The National Interest

The National Interest
Fall 2001

Ukraine, Unexpected

by Steven Erlanger

 

Given the waste of the last dozen years, it is hard to remember the excitement and pride that the Soviet collapse brought to Ukraine, even as Kravchuk tried to balance a surging nationalism with his long fealty to Moscow. For all Ukraine’s pride and resentment of Russian arrogance toward its "little brothers" in Ukraine and Belarus, however, independence was thrust upon both Kiev and Minsk, and no one was ready. Ukraine found itself with an airline, consisting of the Aeroflot planes that happened to be on its territory, and with an economy it neither comprehended nor controlled. In Kiev in those days, economists suggested that as much as 80 percent of the enterprises on Ukrainian soil were controlled directly from Moscow, part of the clumsy system of centralized planning that made widgets in one place and scroggets in another thousands of miles away, and then put them together in a third city where the workers had no idea how the object in question was designed or made, let alone marketed and sold.

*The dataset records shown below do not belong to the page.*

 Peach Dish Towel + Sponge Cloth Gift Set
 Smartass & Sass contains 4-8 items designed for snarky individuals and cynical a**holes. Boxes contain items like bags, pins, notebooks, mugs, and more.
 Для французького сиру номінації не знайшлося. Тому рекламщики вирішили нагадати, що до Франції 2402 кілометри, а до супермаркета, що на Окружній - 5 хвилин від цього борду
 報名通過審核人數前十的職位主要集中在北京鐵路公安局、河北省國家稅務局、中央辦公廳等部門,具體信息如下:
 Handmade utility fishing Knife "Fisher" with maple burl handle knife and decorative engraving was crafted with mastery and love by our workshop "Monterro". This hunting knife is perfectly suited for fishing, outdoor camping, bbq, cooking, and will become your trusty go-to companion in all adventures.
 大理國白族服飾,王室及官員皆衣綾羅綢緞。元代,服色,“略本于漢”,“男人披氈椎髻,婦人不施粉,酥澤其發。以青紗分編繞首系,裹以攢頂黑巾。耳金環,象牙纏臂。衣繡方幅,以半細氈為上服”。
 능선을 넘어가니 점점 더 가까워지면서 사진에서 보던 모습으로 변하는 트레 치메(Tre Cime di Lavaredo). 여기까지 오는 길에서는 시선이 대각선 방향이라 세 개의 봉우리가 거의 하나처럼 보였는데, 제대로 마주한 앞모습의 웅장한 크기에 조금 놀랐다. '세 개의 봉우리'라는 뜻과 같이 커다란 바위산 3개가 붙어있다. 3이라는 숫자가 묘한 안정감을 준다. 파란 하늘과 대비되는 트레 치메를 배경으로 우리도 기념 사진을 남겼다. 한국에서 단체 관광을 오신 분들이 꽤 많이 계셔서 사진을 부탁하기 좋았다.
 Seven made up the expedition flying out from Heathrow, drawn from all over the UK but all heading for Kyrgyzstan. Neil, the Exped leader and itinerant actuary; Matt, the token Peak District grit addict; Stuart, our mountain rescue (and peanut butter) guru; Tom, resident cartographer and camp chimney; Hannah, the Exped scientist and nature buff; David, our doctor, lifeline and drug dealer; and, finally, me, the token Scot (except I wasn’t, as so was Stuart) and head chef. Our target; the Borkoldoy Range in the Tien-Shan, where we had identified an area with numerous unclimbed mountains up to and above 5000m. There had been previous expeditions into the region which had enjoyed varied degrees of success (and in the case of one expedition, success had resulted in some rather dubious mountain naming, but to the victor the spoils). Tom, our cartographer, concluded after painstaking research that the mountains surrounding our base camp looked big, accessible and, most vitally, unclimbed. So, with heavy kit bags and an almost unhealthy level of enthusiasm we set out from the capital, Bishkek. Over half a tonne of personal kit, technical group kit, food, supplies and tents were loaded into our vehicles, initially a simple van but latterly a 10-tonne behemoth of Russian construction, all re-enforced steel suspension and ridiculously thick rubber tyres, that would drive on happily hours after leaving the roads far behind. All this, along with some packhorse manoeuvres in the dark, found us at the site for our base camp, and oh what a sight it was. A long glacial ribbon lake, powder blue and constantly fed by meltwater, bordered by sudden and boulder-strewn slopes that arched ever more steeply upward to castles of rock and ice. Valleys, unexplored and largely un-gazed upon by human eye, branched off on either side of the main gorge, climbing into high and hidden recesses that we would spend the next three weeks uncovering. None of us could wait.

Ukraine also found itself, like Moldova and Tajikistan, to be a strange Communist confection. It had to cope with a formerly Polish west and a formerly Russian Crimea, tacked on to Ukraine in a fit of celebratory foolishness by Nikita Khrushchev in 1954. Khrushchev, himself a Ukrainian, was marking the 300th anniversary of the Treaty of Pereiaslav, which, Moscow had decreed, was the beginning of an eternal Russian-Ukrainian brotherhood; Ukrainian nationalists, especially in the diaspora, had always regarded it as less a treaty than a contract directed against an external enemy, quickly broken, as usual, by the czar.

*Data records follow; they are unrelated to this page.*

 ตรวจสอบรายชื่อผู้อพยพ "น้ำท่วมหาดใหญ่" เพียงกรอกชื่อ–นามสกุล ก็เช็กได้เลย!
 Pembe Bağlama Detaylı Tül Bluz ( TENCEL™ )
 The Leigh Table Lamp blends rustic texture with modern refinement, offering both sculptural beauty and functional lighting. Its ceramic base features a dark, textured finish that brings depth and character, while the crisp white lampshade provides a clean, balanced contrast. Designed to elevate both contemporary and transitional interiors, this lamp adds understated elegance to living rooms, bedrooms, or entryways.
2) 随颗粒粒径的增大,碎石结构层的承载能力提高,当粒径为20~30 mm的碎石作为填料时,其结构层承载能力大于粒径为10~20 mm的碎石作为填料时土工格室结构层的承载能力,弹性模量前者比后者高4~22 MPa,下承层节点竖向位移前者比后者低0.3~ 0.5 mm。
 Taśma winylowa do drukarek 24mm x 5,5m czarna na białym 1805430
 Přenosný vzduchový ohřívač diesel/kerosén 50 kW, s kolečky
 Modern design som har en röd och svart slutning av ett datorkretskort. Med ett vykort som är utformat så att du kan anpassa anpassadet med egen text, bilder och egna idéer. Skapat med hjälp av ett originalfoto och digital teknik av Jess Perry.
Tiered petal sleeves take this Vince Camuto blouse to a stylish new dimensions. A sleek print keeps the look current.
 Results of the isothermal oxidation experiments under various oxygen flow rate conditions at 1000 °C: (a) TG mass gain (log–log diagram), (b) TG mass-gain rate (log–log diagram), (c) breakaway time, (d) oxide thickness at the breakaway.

Its current territorial configuration makes the persistence of Ukrainian sovereignty itself, no matter how weakened it may become, something of a triumph. Interestingly enough, it has been helped in that regard to a large degree by the political nature of Boris Yeltsin. Yeltsin may have ended his presidency a bloated, drunken buffoon, but he colluded happily with Kravchuk to dismantle the Soviet Union and revive Ukraine as an independent country. Yeltsin bloviated about the rights of Russians abroad for political advantage, but he was not an imperialist, and Ukrainians (as well as the Balts) have much to thank him for—which is why, despite its general excellence and efforts to be fair to Russian arguments, Wilson's book has some bizarre mistakes and omissions. Certainly, the Stalin-induced famine in Ukraine should have received fuller treatment, as should the earlier careers of both Kravchuk and Kuchma as servants of the old regime.

There is no stranger mistake, however, than in Wilson's description of the key meeting in the Belarusian forest that spelled the end of the Soviet Union. Yeltsin met there in December 1991 with Kravchuk and Belarus's first leader, Stanislav Shushkevich. After a long, drunken evening, they got down to business the next day. Wilson quotes Kravchuk as saying about Yeltsin: "Boris Mikhailovich, as it seemed to me, understood by independence something different." Yeltsin's patronymic is Nikolayevich, not Mikhailovich, as even Wilson's editors should have known. It is one thing to misspell the name of Vaclav Klaus, which Wilson does, but Yeltsin? The Russian White House was shelled in 1993, not "bombed." And Wilson, for all his honorable efforts to provide cultural context, manages to call Isaac Babel’s famous character, Benya Krik, the King of Odessa, "Beria Krik", an odd Stalinist slip of the keyboard.